一方で glPushMatrix を行うと,行列スタックの一番上に新しく単位行列が用意されます.この状態で glTranslated が呼び出されると,単位行列と平行移動行列の掛け算がなされますが,この操作は元々あった行列Bや行列Aには一切影響を与えません.この状態で描画命令が呼ばれると行列スタックの一番上にある平行移動行列を含めた三つ全ての行列の掛け算が頂点の座標変換に使われます.もし必要がなくなれば glPopMatrix を呼ぶと,そのまま一番上にあった平行移動行列が破棄され,glPushMatrix を呼ぶ前の状態に戻ります.
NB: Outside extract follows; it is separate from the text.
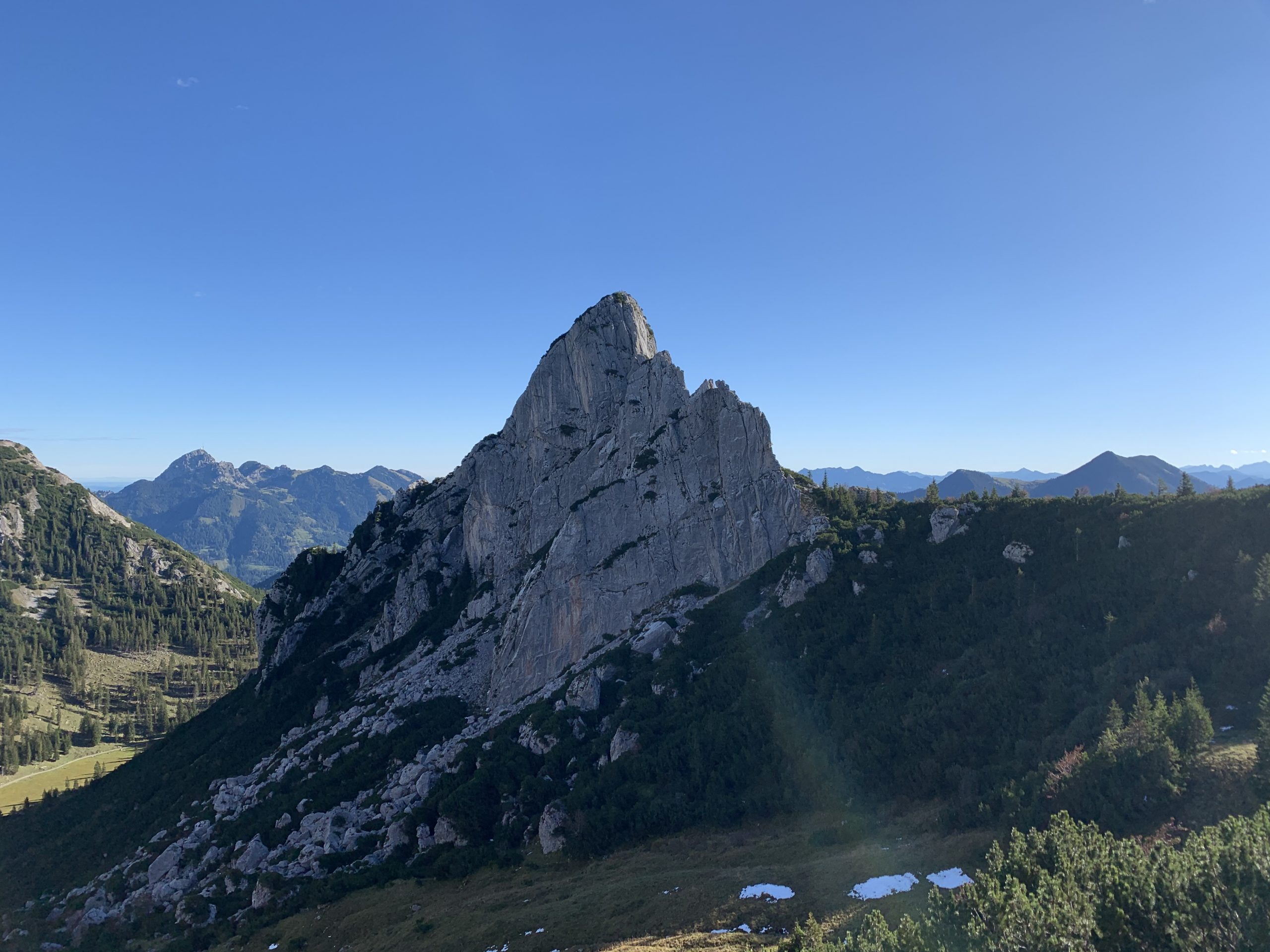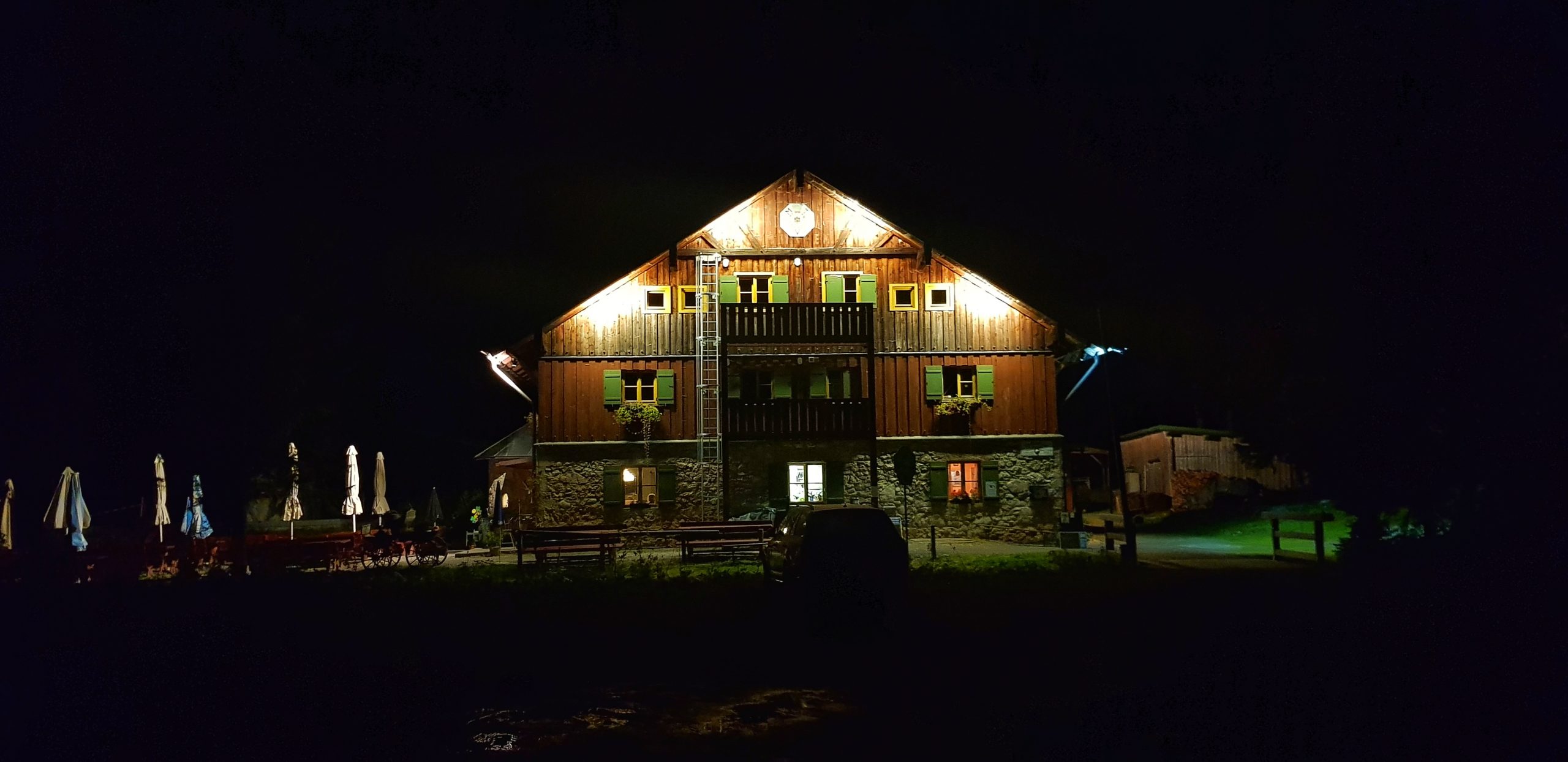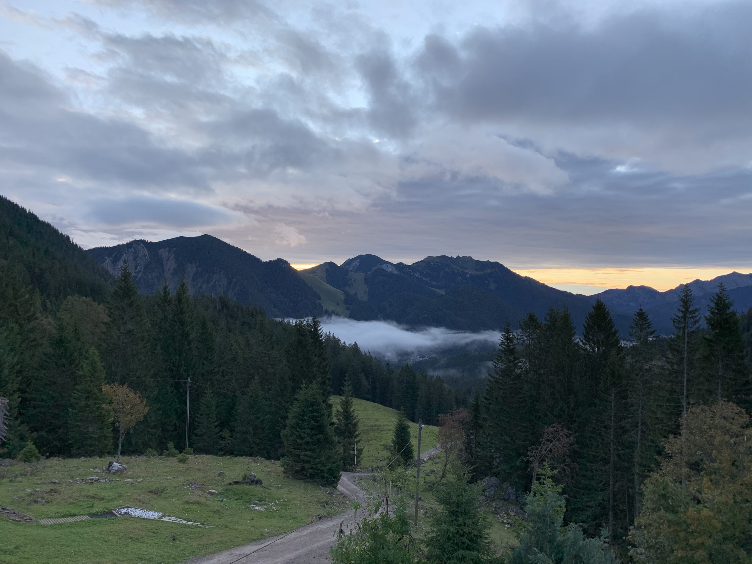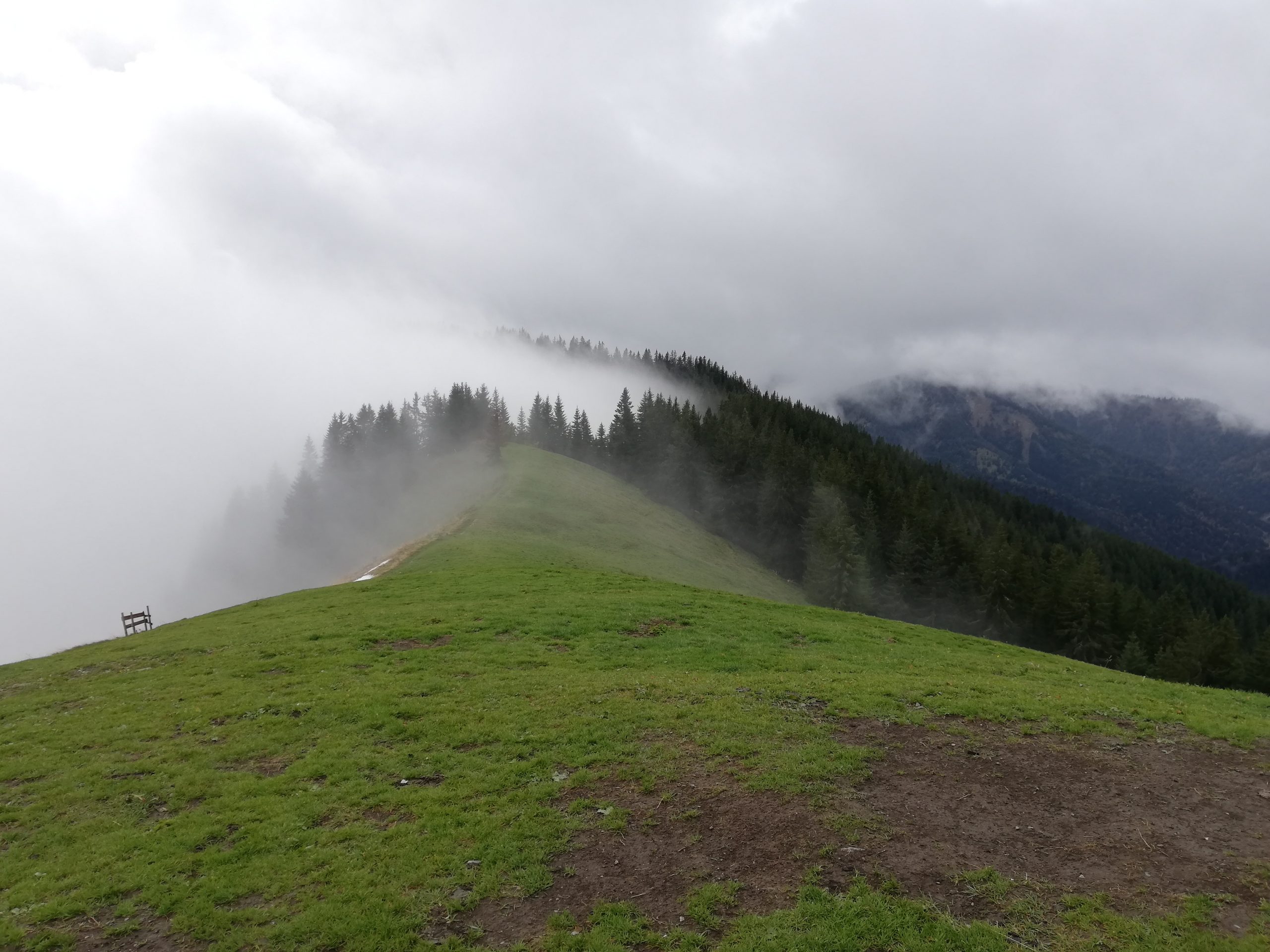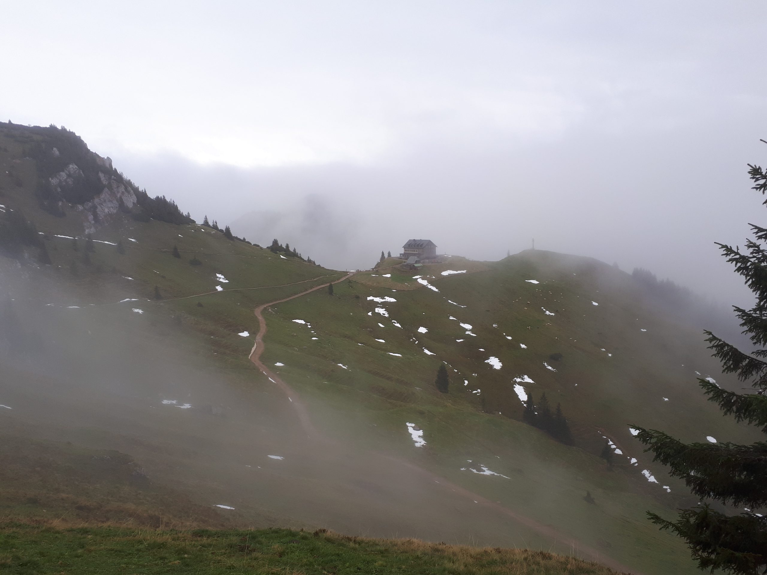 Der dritte Tag startet mit ein wenig Nieselregen, also lassen wir uns nach dem Frühstück auf dem Blecksteinhaus noch etwas Zeit, bevor wir uns die Regenklamotten überwerfen und unsere Tour starten. Wir gehen über die Grünseealm (1378 m) zum Roßkopf (1580 m), wo der Nieselregen bereits etwas nachlässt. Im weiteren Verlauf kommen wir über den Stümpfling (1506 m) und zum Aussichtspunkt am Suttenstein (1398 m), bevor wir an unserem Tagesziel für den dritten Tag, der Oberen Firstalm (1369 m) für eine ausgiebige Mittagspause ankommen.

実際のプログラムでも見てみましょう.先ほどの例であれば,

glPushMatrix();
glTranslated(1.0, 0.0, 0.0);
glutSolidSphere(1.0, 64, 32);
glPopMatrix();

glPushMatrix();
glTranslated(-1.0, 0.0, 0.0);
glutSolidSphere(1.0, 64, 32);
glPopMatrix();

のようにすることで,二度呼び出されている glTranslated が互いに鑑賞することなく,二つの球が正しくX方向に+1, X方向に-1だけそれぞれ動いた描画結果を得ることができます.

課題3 (配点: 3点)

上記のサンプルプログラムを改良して下の示した動画のようにティーポットの周りを球が回るようなプログラムを作成せよ(以下の動画では球が12個ある).この際 glPushMatrix ならびに glPopMatrix を使用すれば短いコードでこれを実現できるが,同様の画像が出るならば必ずしも実現方法は問わない.

実行結果の例

課題4 (配点: 3点)

上記のサンプルプログラムを改良して,「微分方程式」で作成した減衰振動の様子を可視化せよ.上方向がY軸が正の方向となるように座標系を設定し,Y軸に沿って球を動かせば良い (球は glutSolidSphere で描画して良い).